The above description is only a preferred embodiment of the present application, and not intended to limit the scope of the present application, and all modifications of equivalent structures and equivalent processes, which are made by the contents of the specification and the drawings of the present application, or which are directly or indirectly applied to other related technical fields, are included in the scope of the present application.

Claims

1. A speech processing method, characterized in that the speech processing method comprises:

s11, acquiring preset characteristic information of a user;

2. The method of claim 1, comprising at least one of:

the preset feature information includes at least one of: work and rest information, situation information, emotional characteristics, character characteristics, gender and age;

the step of S11 includes at least one of: the method comprises the steps of obtaining preset characteristic information according to selection operation and/or input operation, obtaining the preset characteristic information according to historical habits and/or sensors, obtaining voice data of a user, and obtaining the preset characteristic information according to the voice data.

3. The method of claim 1, comprising at least one of:

before the step of S12, the method further includes: selecting a matched document to be played according to the target voice style, identifying and extracting text content in the document to be played, and/or performing voice synthesis on the text content to generate a voice document with the target voice style;

the method further comprises the following steps: identifying and extracting text content of the resource to be played, wherein after the step of S12, the method includes: and carrying out voice synthesis on the text content to generate a voice document with the target voice style.

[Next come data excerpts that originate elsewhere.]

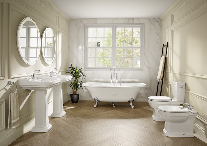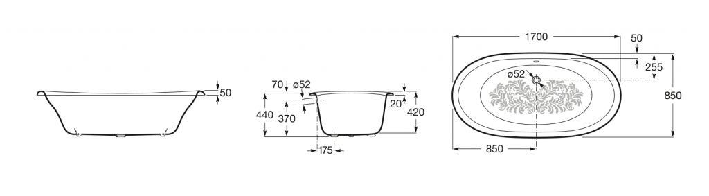 Volně stojící oválná litinová smaltovaná vana NEWCAST s protiskluzovým provedením antislip v bílém provedení.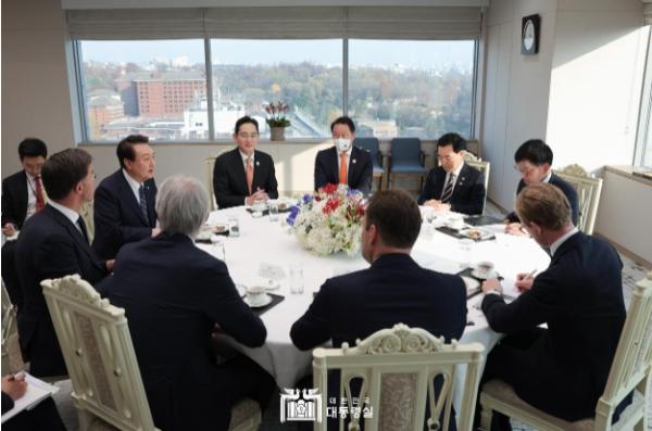 윤석열 대통령은 11. 17일, 한-네덜란드 정상회담에 앞서 15시 30분부터 용산 대통령실에서 우리나라 주요 반도체 기업인과 함께 마크 루터(Mark Rutte) 총리 및 ASML社의 피터 베닝크(Peter Wennink) 회장과 ‘반도체 기업인 차담회’를 가지고 반도체 산업 관련 주요 현안을 논의했다.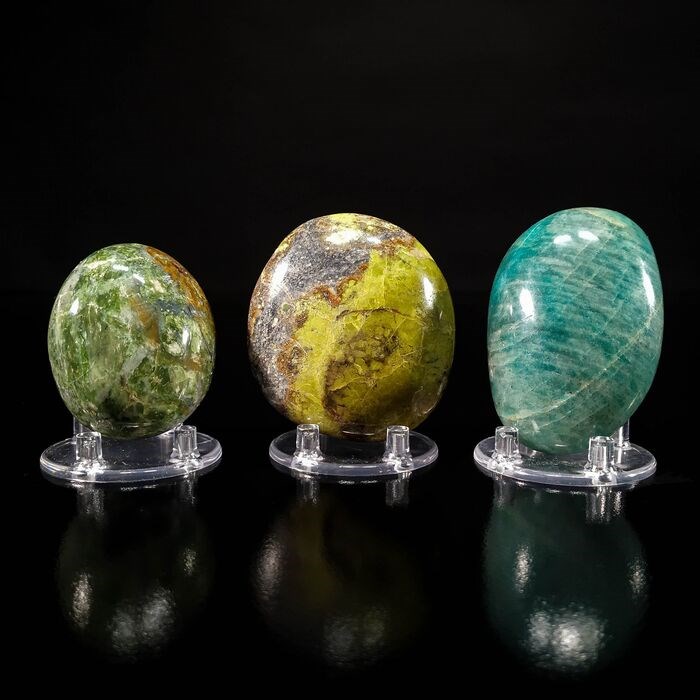 Trio van decoratieve mineralen gemonteerd op persoonlijke

4. The method according to any one of claims 1 to 3, wherein the step of S12 is preceded by the steps of: acquiring preset characteristic information of a document to be played;

if not, executing the step S12; and/or if so, executing a preset strategy.

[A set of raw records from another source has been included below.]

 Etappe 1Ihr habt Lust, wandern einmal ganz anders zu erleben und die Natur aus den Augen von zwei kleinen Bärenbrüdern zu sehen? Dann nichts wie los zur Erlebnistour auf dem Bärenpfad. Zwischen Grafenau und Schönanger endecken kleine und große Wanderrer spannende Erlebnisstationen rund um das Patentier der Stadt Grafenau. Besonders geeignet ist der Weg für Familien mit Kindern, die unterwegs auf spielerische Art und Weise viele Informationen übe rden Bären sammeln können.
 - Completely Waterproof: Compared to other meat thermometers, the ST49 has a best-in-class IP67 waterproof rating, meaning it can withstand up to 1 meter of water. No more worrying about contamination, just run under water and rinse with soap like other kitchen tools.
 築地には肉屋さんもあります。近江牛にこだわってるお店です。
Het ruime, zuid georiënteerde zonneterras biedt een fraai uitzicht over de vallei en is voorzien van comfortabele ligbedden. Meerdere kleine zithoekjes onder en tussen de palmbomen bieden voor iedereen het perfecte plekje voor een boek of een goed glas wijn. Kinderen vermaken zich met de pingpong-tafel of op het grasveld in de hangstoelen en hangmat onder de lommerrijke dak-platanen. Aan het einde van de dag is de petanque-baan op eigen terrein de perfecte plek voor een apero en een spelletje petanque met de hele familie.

5. The method of claim 4, comprising at least one of:

the acquiring of the preset feature information of the document to be played includes: acquiring preset characteristic information of the document to be played according to a preset classification label of the document to be played, and/or determining the preset characteristic information of the document to be played according to text content of the document to be played;

the preset strategy comprises at least one of the following: and executing the step S12, determining a target voice style according to a selection instruction, determining the target voice style according to the preset characteristic information of the document to be played, and taking the default voice style as the target voice style during voice playing.

6. A speech processing method, characterized in that the speech processing method comprises:

s21, acquiring preset characteristic information of the document to be played;

7. The method of claim 6, comprising at least one of:

the step of S21 includes: acquiring preset characteristic information of the document to be played according to a preset classification label of the document to be played, and/or determining the preset characteristic information of the document to be played according to text content of the document to be played;

before the step of S22, the method further includes: acquiring preset characteristic information of a user, judging whether the document to be played conflicts with the preset characteristic information of the user, if not, executing the step S22, and/or if so, executing a preset strategy.

8. The speech processing method of claim 7, wherein the predetermined policy comprises at least one of:

executing the step of S22;

determining a target voice style according to the selection instruction;

9. A terminal device, characterized in that the terminal device comprises a memory and a processor, the memory storing a speech processing program for implementing the steps of the speech processing method according to any one of claims 1 to 8 when executed by the processor.

10. A readable storage medium, characterized in that the readable storage medium has stored thereon a computer program for implementing the steps of the speech processing method according to any of claims 1 to 8 when being executed by a processor.